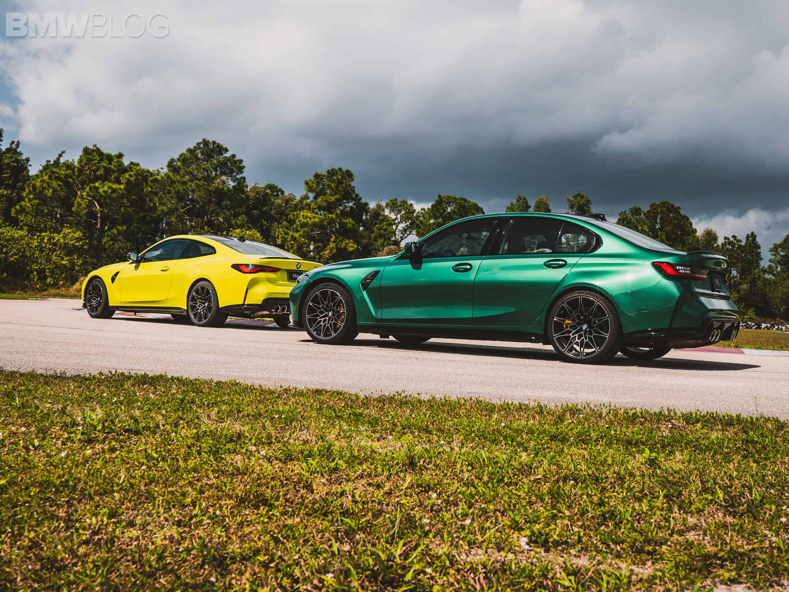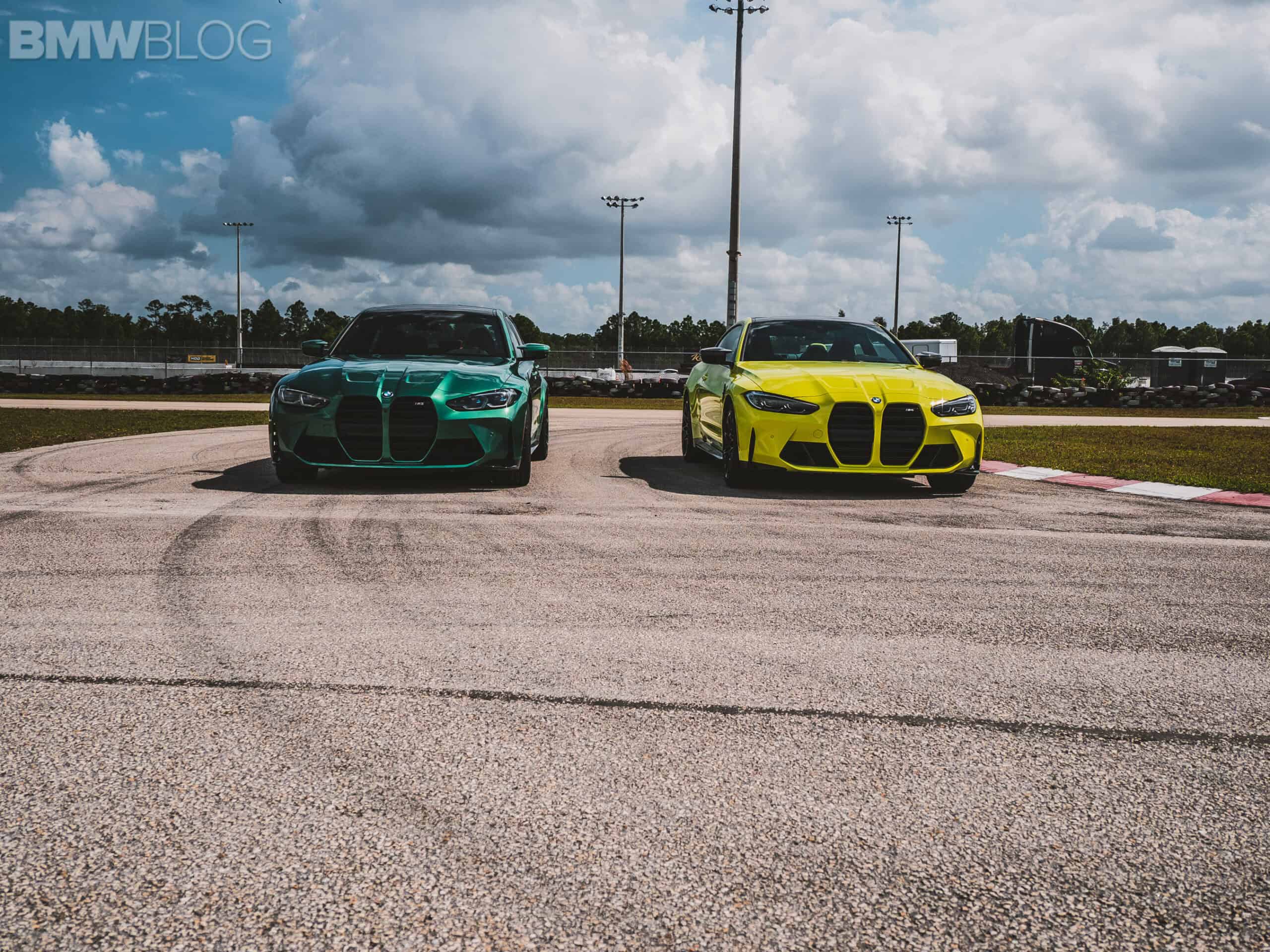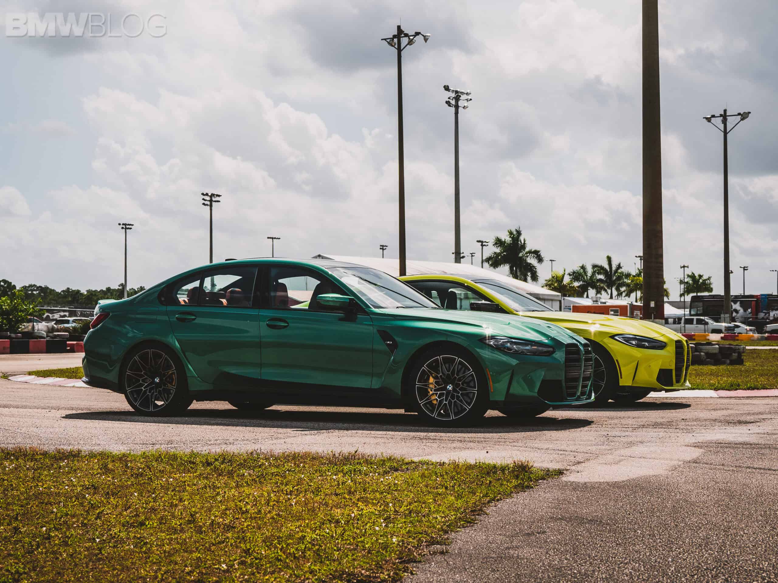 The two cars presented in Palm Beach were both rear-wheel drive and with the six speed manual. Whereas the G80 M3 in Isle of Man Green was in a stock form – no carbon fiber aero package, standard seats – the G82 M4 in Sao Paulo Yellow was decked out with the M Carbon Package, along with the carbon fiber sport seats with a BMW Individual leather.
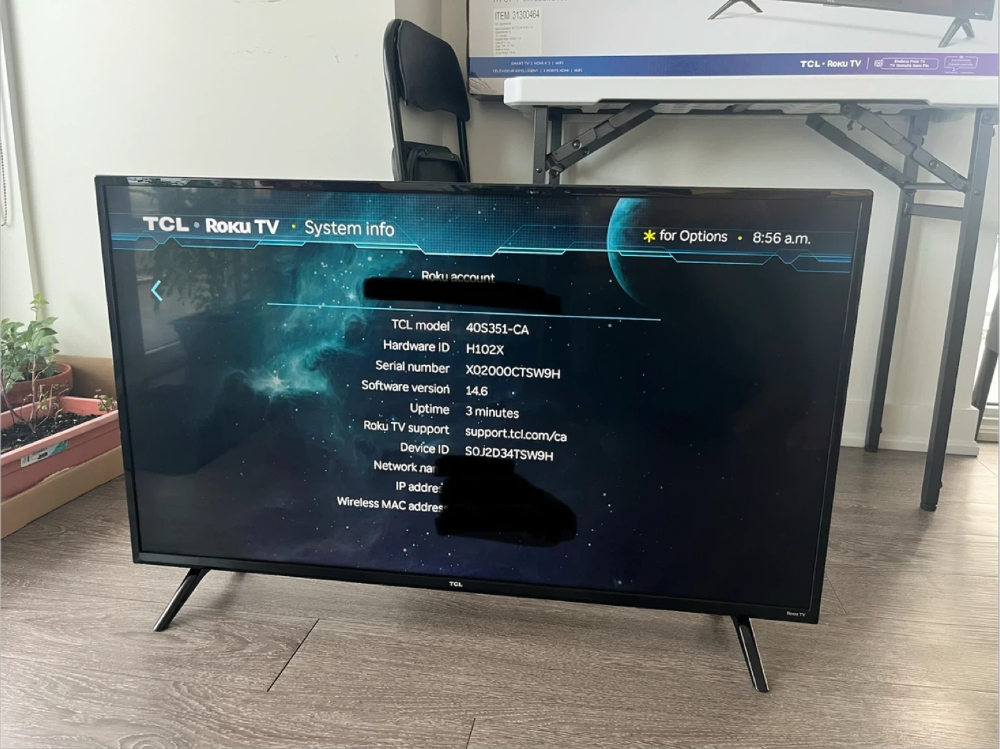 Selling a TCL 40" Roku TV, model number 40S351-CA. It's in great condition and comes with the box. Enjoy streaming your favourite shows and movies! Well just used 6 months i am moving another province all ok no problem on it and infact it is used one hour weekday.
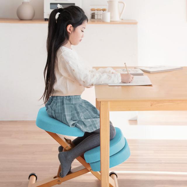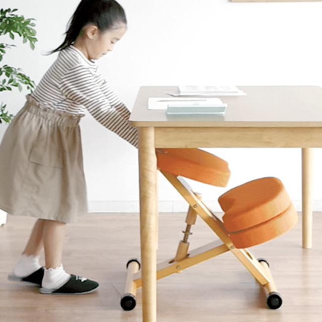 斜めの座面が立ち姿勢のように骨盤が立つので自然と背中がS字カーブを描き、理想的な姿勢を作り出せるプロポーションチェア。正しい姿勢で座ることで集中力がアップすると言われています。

## PROBLEM TO SOLVE
The entire listing above is to be copied exactly, with all pictures omitted.

## SOLUTION
 The two cars presented in Palm Beach were both rear-wheel drive and with the six speed manual. Whereas the G80 M3 in Isle of Man Green was in a stock form – no carbon fiber aero package, standard seats – the G82 M4 in Sao Paulo Yellow was decked out with the M Carbon Package, along with the carbon fiber sport seats with a BMW Individual leather.
 Selling a TCL 40" Roku TV, model number 40S351-CA. It's in great condition and comes with the box. Enjoy streaming your favourite shows and movies! Well just used 6 months i am moving another province all ok no problem on it and infact it is used one hour weekday.
 斜めの座面が立ち姿勢のように骨盤が立つので自然と背中がS字カーブを描き、理想的な姿勢を作り出せるプロポーションチェア。正しい姿勢で座ることで集中力がアップすると言われています。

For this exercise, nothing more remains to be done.